Dataset records -
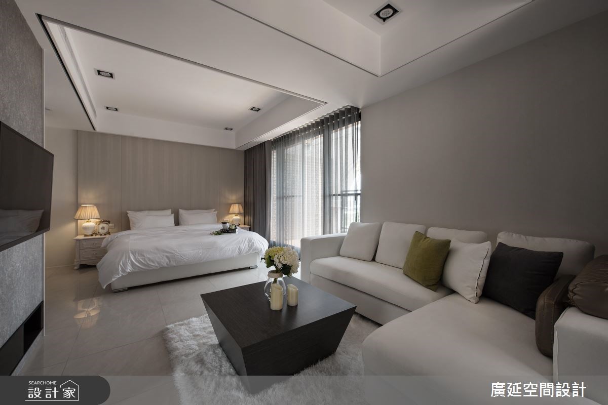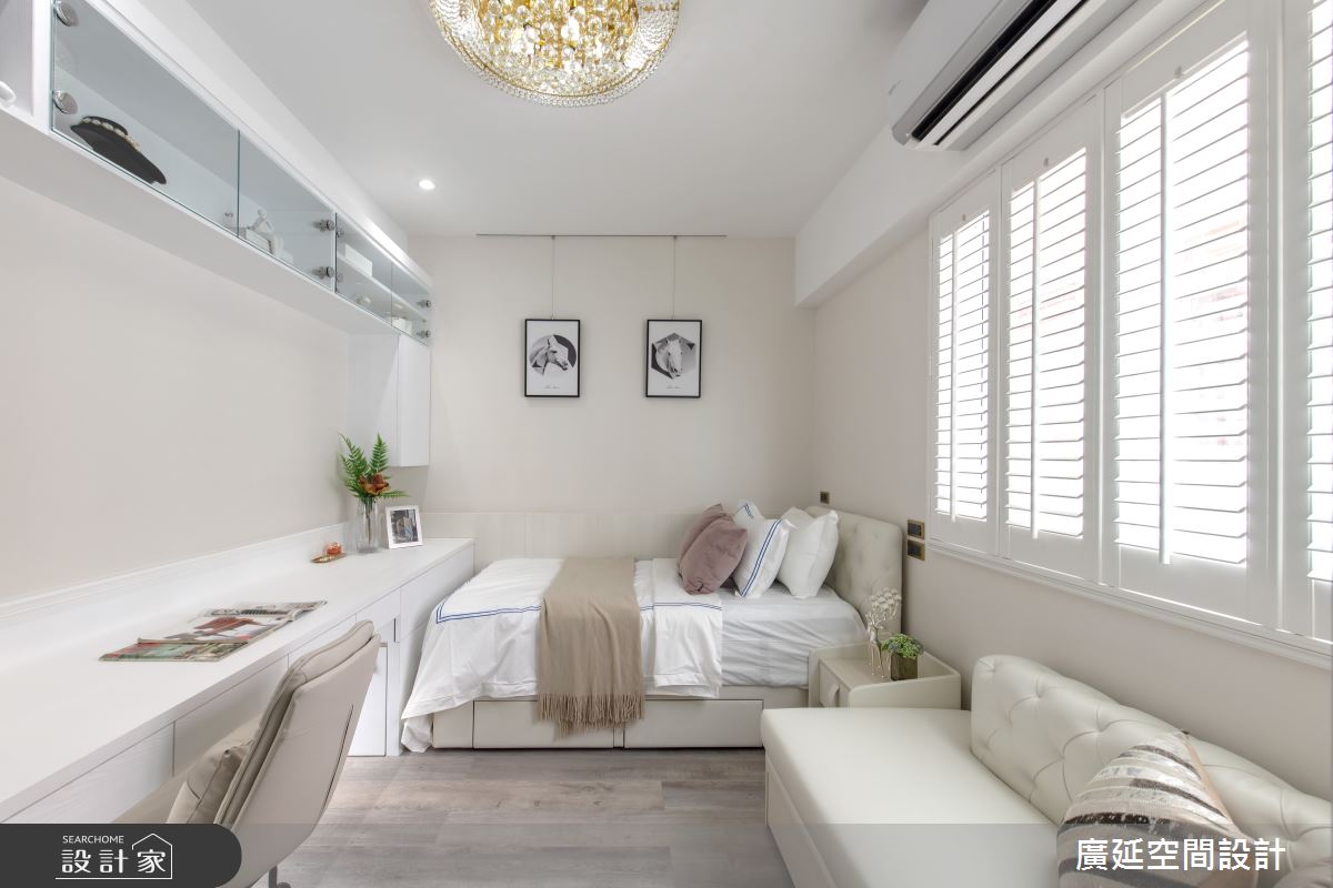 45 坪樓中樓,設計師透過新古典風格替空間定調,給予流暢簡約的線條、精緻大器的建材,並依照使用需求、量身打造每一道使用機能,完成屋主心目中的居家心願,快跟著小編一起來看看吧! 設計師承襲新古典的唯美格調,但選擇將繁複的線板語彙簡化,呈現俐落優雅的空間氣韻,以白色為底,襯出整體的淨白明亮,並於天花板勾勒漆黑的線條,營造出有如香奈兒的細緻氛圍,搭配燈光的烘托、鏡面的折射,帶出家的時尚況味;電視牆壁面則加入灰色石材,提點細膩的質感,同時採用玻璃建構隔間,維持空間穿透性,並促成採光的自然流動;加大的主臥場域,則塑出五星級精品飯店的舒適大器,具備專屬更衣間與起居小客廳,私人空間自成一格,且將男女主人的生活物品分流擺放、獨立有序,享有各自的專屬機能! 小編的最愛 設計師精準掌控預算,全方位考量住宅的「實用美觀」與「便利性」,並尊重使用者需求,結合客戶的概念與想像,讓生活場域衍生出更多的可能性!
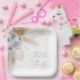 Añada un toque final a su ducha de bebé con estos platos, con follaje tropical y rosas azules.
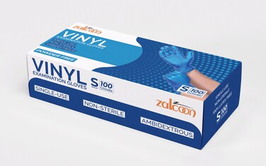 Zalcoon Vinyl Blue Pre-Powder Gloves- Small 100/Pack
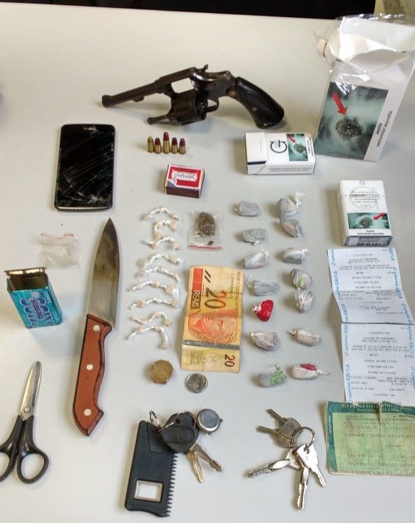 Enquanto realizavam cumprimento de mandado de busca e apreensão em uma residência, já tendo localizado uma sacola contendo 15 buchas de maconha e 27 pedras de crack em seu interior, os militares receberam uma denúncia anônima de que, momentos antes da entrada policial no imóvel, um dos suspeitos havia jogado uma arma de fogo pela janela do imóvel, que estaria em um lote ao lado do prédio. No terreno, havia um revólver calibre 32 carregado com cinco munições intactas. Os suspeitos confessaram a posse da arma.
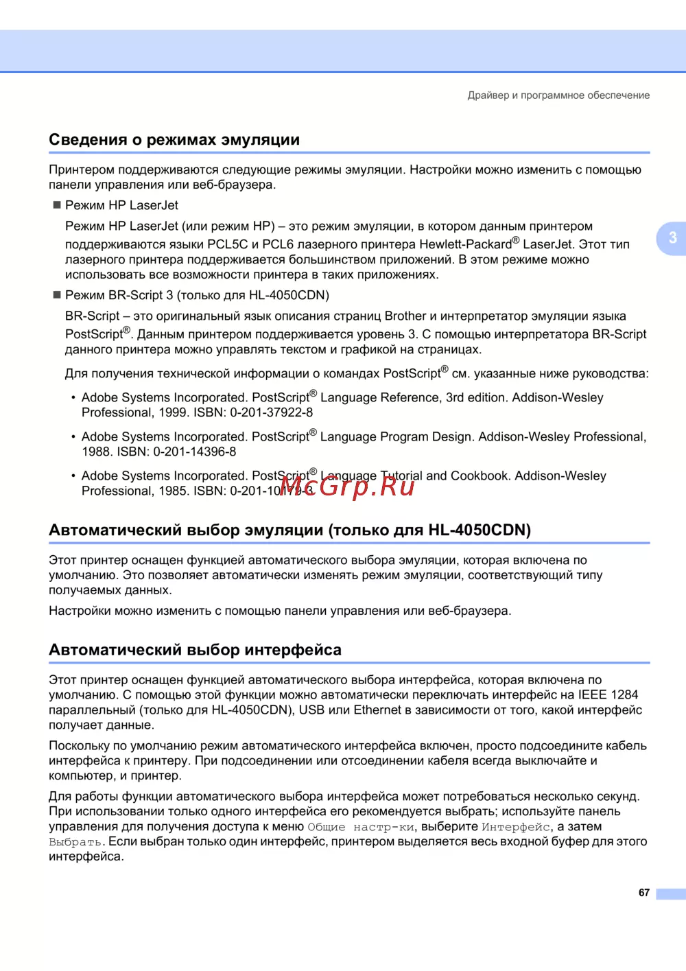 Автоматический выбор эмуляции (только для HL-4050CDN) 3
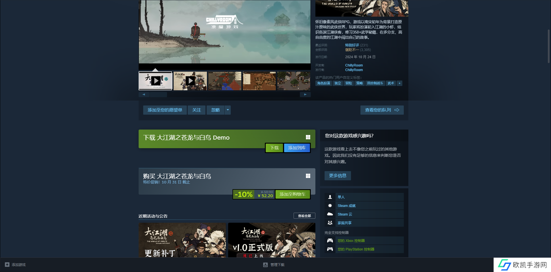 《大江湖之苍龙与白鸟》在Steam平台只有标准版,售卖价格分别是人民币58元,目前有价格优惠,价格为52.2元。
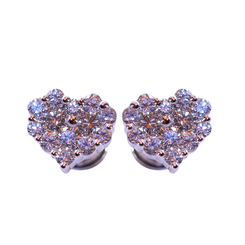Orecchini a cuore in oro bianco gr. 03,34 e 28 diamanti bianchi 1,16
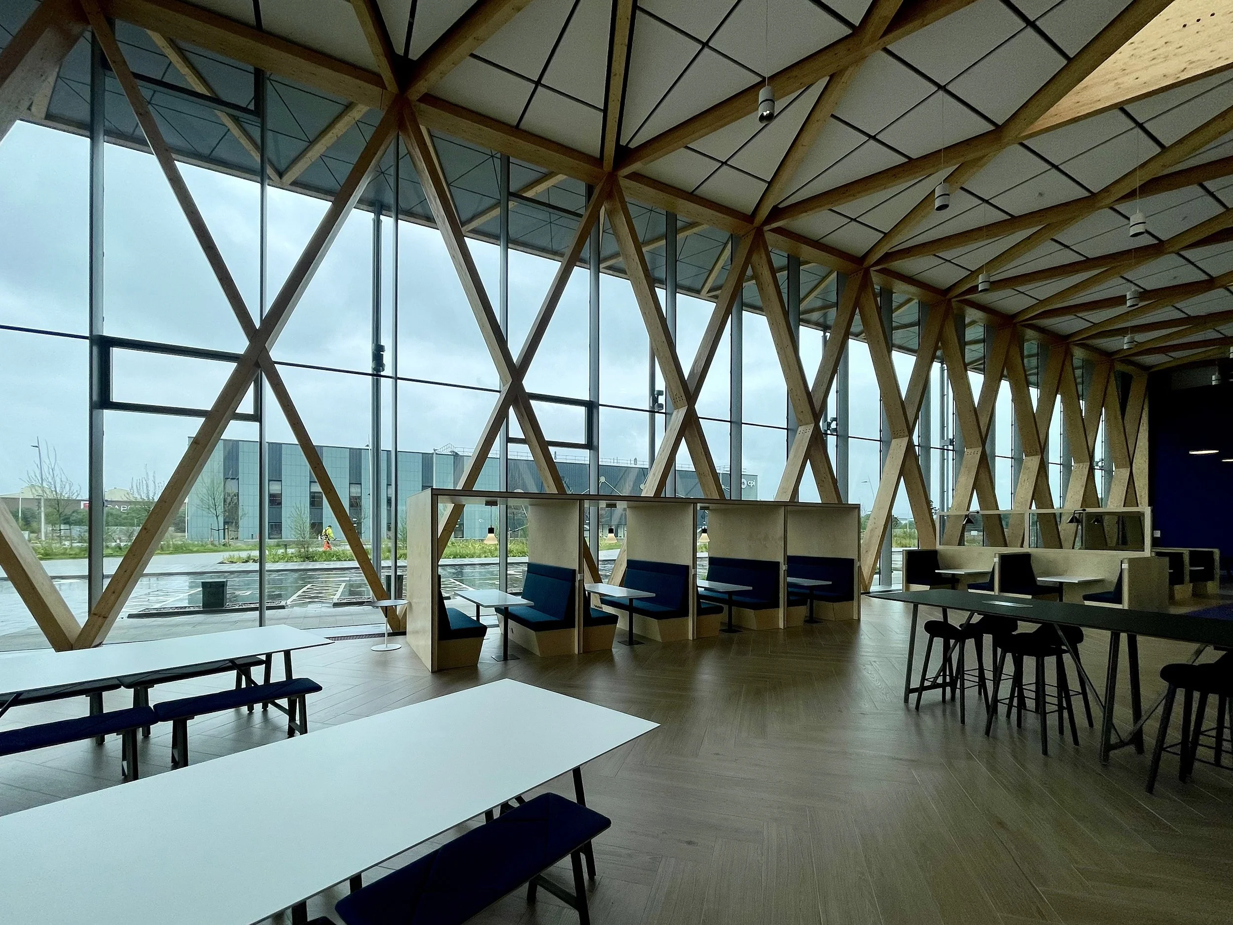 This new hub for manufacturing innovation in Glasgow is enclosed by a 10 meter VS1 facade. The largest glass utilized are 2m by 4m panes, and awning windows are integrated directly into the facade.

Work instructions - Output all the data, exactly, without images.

Task response -
 45 坪樓中樓,設計師透過新古典風格替空間定調,給予流暢簡約的線條、精緻大器的建材,並依照使用需求、量身打造每一道使用機能,完成屋主心目中的居家心願,快跟著小編一起來看看吧! 設計師承襲新古典的唯美格調,但選擇將繁複的線板語彙簡化,呈現俐落優雅的空間氣韻,以白色為底,襯出整體的淨白明亮,並於天花板勾勒漆黑的線條,營造出有如香奈兒的細緻氛圍,搭配燈光的烘托、鏡面的折射,帶出家的時尚況味;電視牆壁面則加入灰色石材,提點細膩的質感,同時採用玻璃建構隔間,維持空間穿透性,並促成採光的自然流動;加大的主臥場域,則塑出五星級精品飯店的舒適大器,具備專屬更衣間與起居小客廳,私人空間自成一格,且將男女主人的生活物品分流擺放、獨立有序,享有各自的專屬機能! 小編的最愛 設計師精準掌控預算,全方位考量住宅的「實用美觀」與「便利性」,並尊重使用者需求,結合客戶的概念與想像,讓生活場域衍生出更多的可能性!
 Añada un toque final a su ducha de bebé con estos platos, con follaje tropical y rosas azules.
 Zalcoon Vinyl Blue Pre-Powder Gloves- Small 100/Pack
 Enquanto realizavam cumprimento de mandado de busca e apreensão em uma residência, já tendo localizado uma sacola contendo 15 buchas de maconha e 27 pedras de crack em seu interior, os militares receberam uma denúncia anônima de que, momentos antes da entrada policial no imóvel, um dos suspeitos havia jogado uma arma de fogo pela janela do imóvel, que estaria em um lote ao lado do prédio. No terreno, havia um revólver calibre 32 carregado com cinco munições intactas. Os suspeitos confessaram a posse da arma.
 Автоматический выбор эмуляции (только для HL-4050CDN) 3
 《大江湖之苍龙与白鸟》在Steam平台只有标准版,售卖价格分别是人民币58元,目前有价格优惠,价格为52.2元。
Orecchini a cuore in oro bianco gr. 03,34 e 28 diamanti bianchi 1,16
 This new hub for manufacturing innovation in Glasgow is enclosed by a 10 meter VS1 facade. The largest glass utilized are 2m by 4m panes, and awning windows are integrated directly into the facade.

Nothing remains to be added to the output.